We must learn to regard people less in the light of what they do or omit to do, and more in the light of what they suffer.

Saturday, February 14, 2009

just so there is no confusion

Zombies only shwa.

Wednesday, August 20, 2008

Galacticon

Creating music moves with snails paces when you aren't doing it all the time. I can't believe it was ~4 months ago we first tracked these songs. Since then James and I have enjoyed a few odd nights and weekends mixing, tracking, retracking, writing. Matt rescued the drum tracks from the depths of beat-up equipment issues. (Really he gave us hope to even finish what we did!).

I absolutely loved getting to be creative after the fact with readings, screaming (much thanks jordan!), and general awesome noise making.

We originally had a full album planned, but these are the songs that made it through the haze otherwise known as real life.

Go download the new Heliocentric EP at http://heliocentricmusic.com

Saturday, July 12, 2008

Trains, Planes, Sea Monsters

I just bought train tickets to London.
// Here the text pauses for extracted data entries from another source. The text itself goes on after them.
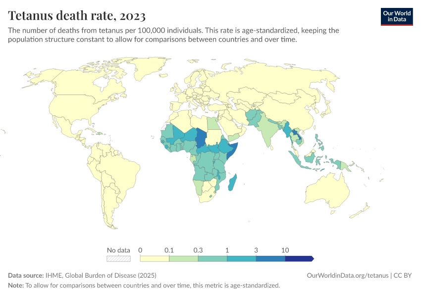 This is given as the rate of tetanus deaths per 100,000 people in the population, and is age-standardized to allow for comparisons between countries and over time.
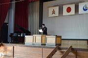 大平中学校は、「あいさつ運動」、「アルミ缶回収」、「廃品回収」、「段ボールボランティア」、「桜並木清掃」、「福祉委員会活動」について報告しました。3人とも、はっきり、元気に発表することができました。
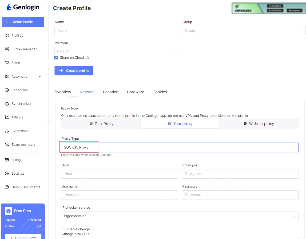 Step 2. Open the genlogin software, click "Create Profile" - "Network"-"Your proxy"
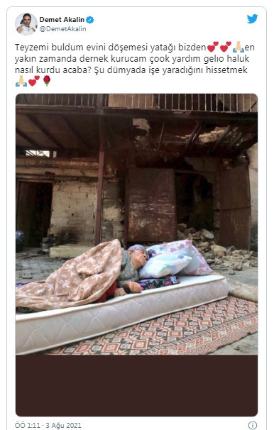 Twitter hesabından paylaşımda bulunan şarkıcı, “Teyzemi buldum. Evini döşemesi, yatağı bizden… “ ifadelerini kullandı. En yakın zamanda yardım derneği kuracağını da belirten Akalın, “Çok yardım geliyor. Haluk (Levent) nasıl kurdu acaba? Şu dünyada işe yaradığını hissetmek…” şeklinde konuştu.
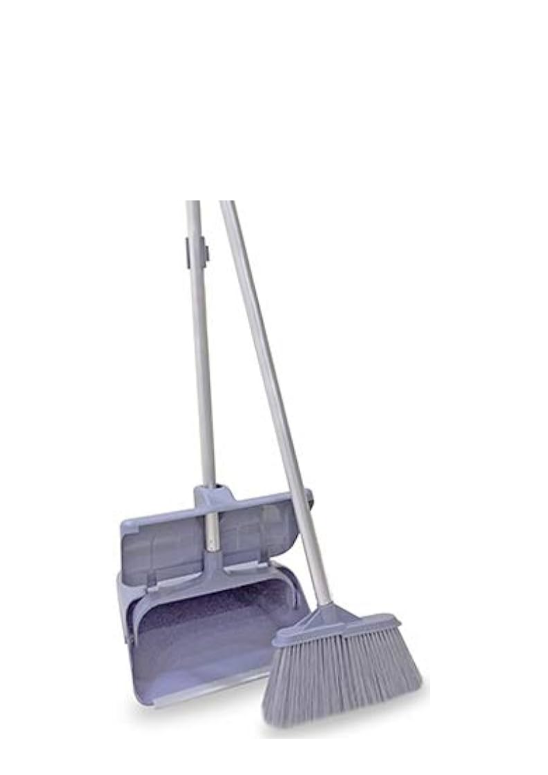 lobby dustpan sets with brooms. One set will have a standard long-handled broom and a dustpan with wheels, while the other will feature a shorter broom with a T-shaped handle and a deeper dustpan. Both sets will be positioned against a plain white background.
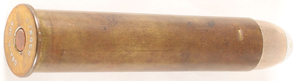 H/S: Kynoch 600 Nitro, cop. Pri., jacketed soft point bullet. Grade: Excellent - Value: 30 to 60
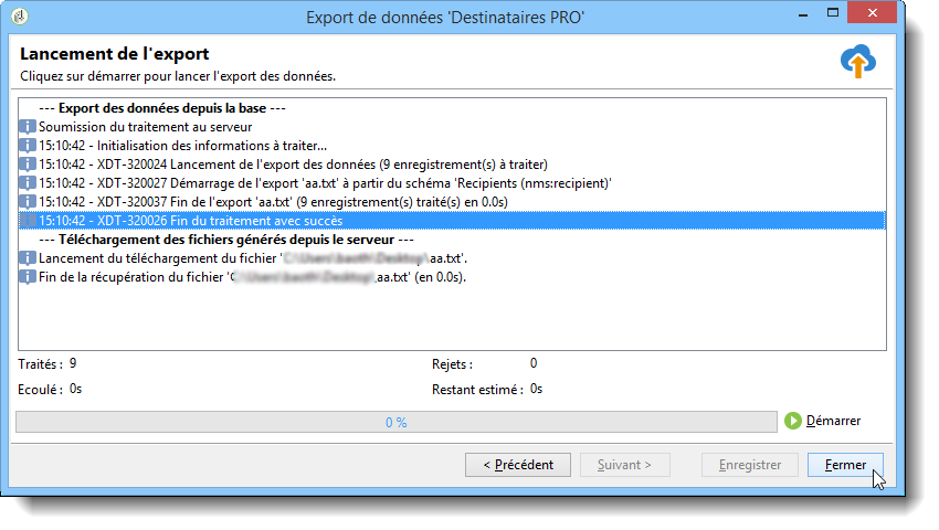 Vous pouvez ensuite surveiller l’exécution du traitement d’import (voir la section Surveillance de l’exécution des traitements.

I'm interested to see how they are going to solve this 'trains going underwater very quickly' problem as the journey is only supposed to take 4.5 hours!

Tuesday, June 10, 2008

In our time

"...In our time nobody is content to stop with faith but wants go to further. In those old days it was different, then faith was a task for a whole lifetime, because it was assumed that dexterity in faith was not acquired in a few days or weeks.
When the tried oldster drew near his last hour, having fought the good fight and kept the faith, his heart was still young enough not to have forgotten that fear and trembling which chastened the youth, which the man indeed held in check, but which no man quite outgrows... except as he might succeed at the earliest opportunity in going further. Where these revered figures arrived, that is the point where everybody in our day begins to go further."